Until Friday Night (The Field Party #1)(54)
Today was a big day for me. Today I would stop hiding. I’d make real relationships with my family. I was excited about that. But I was also scared. Afraid of what they’d ask me. Terrified they’d want me to speak of that day. I didn’t want to describe that day again. Ever.
Having West beside me while I told them would help, and it would explain a lot about my relationship with him that I knew they didn’t understand. But I needed them to be clear that I wouldn’t talk about that day to them or anyone else. I never wanted to mention my father again. If they wanted to talk about my mother and fond memories of her, I could do that. I wanted that now.
I was ready for that now.
Brady was sitting at the table, his hair sticking up in random places, wearing only a pair of plaid pajama pants while he ate a bowl of cereal and drank a cup of coffee. The newspaper was open to the sports section, and he was reading it intently.
Aunt Coralee was standing at the bar in the kitchen, writing down a list. It was for groceries. I knew that list. She did it every Saturday. She looked up at me when I entered, and beamed a bright, cheery smile.

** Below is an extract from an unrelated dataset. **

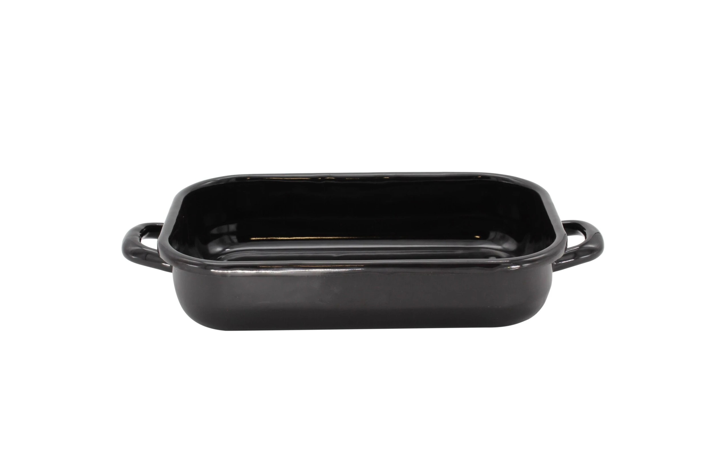 Emaille-Geschirr: Perfekt für gesundes Kochen, Backen und Braten. Das Material Emaille wird aus natürlichen Rohstoffen hergestellt. Alle Lebensmittel behalten in diesem Kochgeschirr ihren natürlichen und reinen Geschmack. Außerdem ist Emaille nickelfrei und daher ideal für Allergiker geeignet. Die porenfreie, glatte Oberfläche ist bakterien- und schmutzabweisend und ermöglicht so eine optimale Hygiene im Haushalt. Mit dem widerstandsfähigen und pflegeleichten Kochgeschirr aus Emaille werden Sie bei sachgemäßem Gebrauch und richtiger Pflege lange Freude haben. Merkmale: vielseitig verwendbar für die Zubereitung von Braten, Lasagne, Aufläufe, Kuchen u.v.m.; innen und außen schwarz emailliert; Maße: ca. L 26,0 x B 18,5 x H 6,0 cm; leicht und mühelos zu reinigen; extrem langlebige, rostfreie, schnitt- und kratzfeste Oberfläche; spülmaschinengeeignet; bis 220°C im Backofen geeignet

“Good morning. I’m ashamed to say I didn’t cook any breakfast. We’re out of most everything. I’m going to run to the store this afternoon and get what we need. But for now you’ll have to make due with cereal or toast. I think we have some fresh fruit, too.”
I was good with a bowl of cereal. It was what I’d lived off of during my two years with Jorie. She hadn’t cooked at all. But she’d also rarely been home. I’d lived alone for the most part.
Brady glanced up at me then went back to reading his paper and eating.
I walked over to Aunt Coralee and laid down the note I’d written about talking to them today. I figured walking down here and announcing we needed to discuss the fact I was talking again would be too much of a surprise. I also wouldn’t get a chance to tell them what I was willing to talk about and what I wasn’t.
I didn’t want to go to a counselor, therapist, shrink— whatever you call them. I’d been to ten of those. None of them had helped me at all. I wasn’t going back, and they needed to know that.
Aunt Coralee read the note then looked up at me with a concerned frown. “Sure, sweetheart. We can talk now if you like,” she said.
Brady jerked his head up and looked back at us. “Talk about what?” he asked.
“Maggie wants to talk to all of us about something,” she said, glancing at him for a moment before looking back at me. “Here, you can use my pen.” She handed me her pen.
I shook my head. Then I pointed to the part in the note that said all three of them.
Her frown deepened. “Okay. Yes. Well, let me go get your uncle Boone. He’s outside, cutting grass.”
She patted my arm and hurried for the door. She wasn’t going to give me much time to get West here. I didn’t try texting him in case he was asleep. I called instead.
He answered on the first ring.
She’s Just Like Her Momma
CHAPTER 40
WEST
Maggie was waiting outside on the porch swing when I pulled up. She’d called me just as I was getting out of the shower. Somehow I’d made it here in ten minutes. My hair had still been wet and I hadn’t been able to find any underwear, but I’d made it.
She stood up from the swing and walked over to the top of the steps. “Hey,” I said, pressing a kiss to her lips. “You ready to do this?”
I could see the anxiety in her eyes when she nodded. I slipped my hand over hers. This time I would be the one holding her up. She’d make it through this. I wouldn’t let go.
“They’re waiting. Brady heard me call you, so he explained that I was waiting on you and I wanted you in on this conversation. But I think I’ve worried them. Brady knows, but Aunt Coralee and Uncle Boone look really concerned.”
I tilted my head toward the door. “Let’s go do this, then. I’ll be right there the whole time.”
She gave me a relieved smile, and my heart thudded against my chest. She made me feel things I’d never felt before. Things I wanted more of. Things I didn’t want to live without.
I followed her inside and, sure enough, all three Higgenses were sitting in the living room, waiting. Brady was the only one who was relaxed and looked bored. His parents were on the edges of their seats. There was a note pad and a pencil on the table in front of Coralee. I wondered if she’d brought that for this discussion.
Maggie walked to stand in front of them all, and I squeezed her hand. She could do this. I’d make sure she could.
“I want to talk again,” she said in a soft voice that startled both her aunt and uncle. I’d never seen Boone’s eyes get so wide.
“I want to be a part of this family. I’m ready for that. But I need you to understand something,” she said to them, then glanced at me. Her hand was still tucked inside mine, and I nodded to reassure her. “I don’t want to talk about . . . that day. I don’t want to talk about him. I don’t want to talk to a therapist. I do want to talk about my mom. Good memories. I like thinking about her, and I’ve talked about her with West a lot. He listens, but I’d like to share memories with other people who knew her and loved her. But the rest . . . I can’t. I stopped talking to protect myself. From me and from everyone else. It’s how I survived.” She stopped and waited.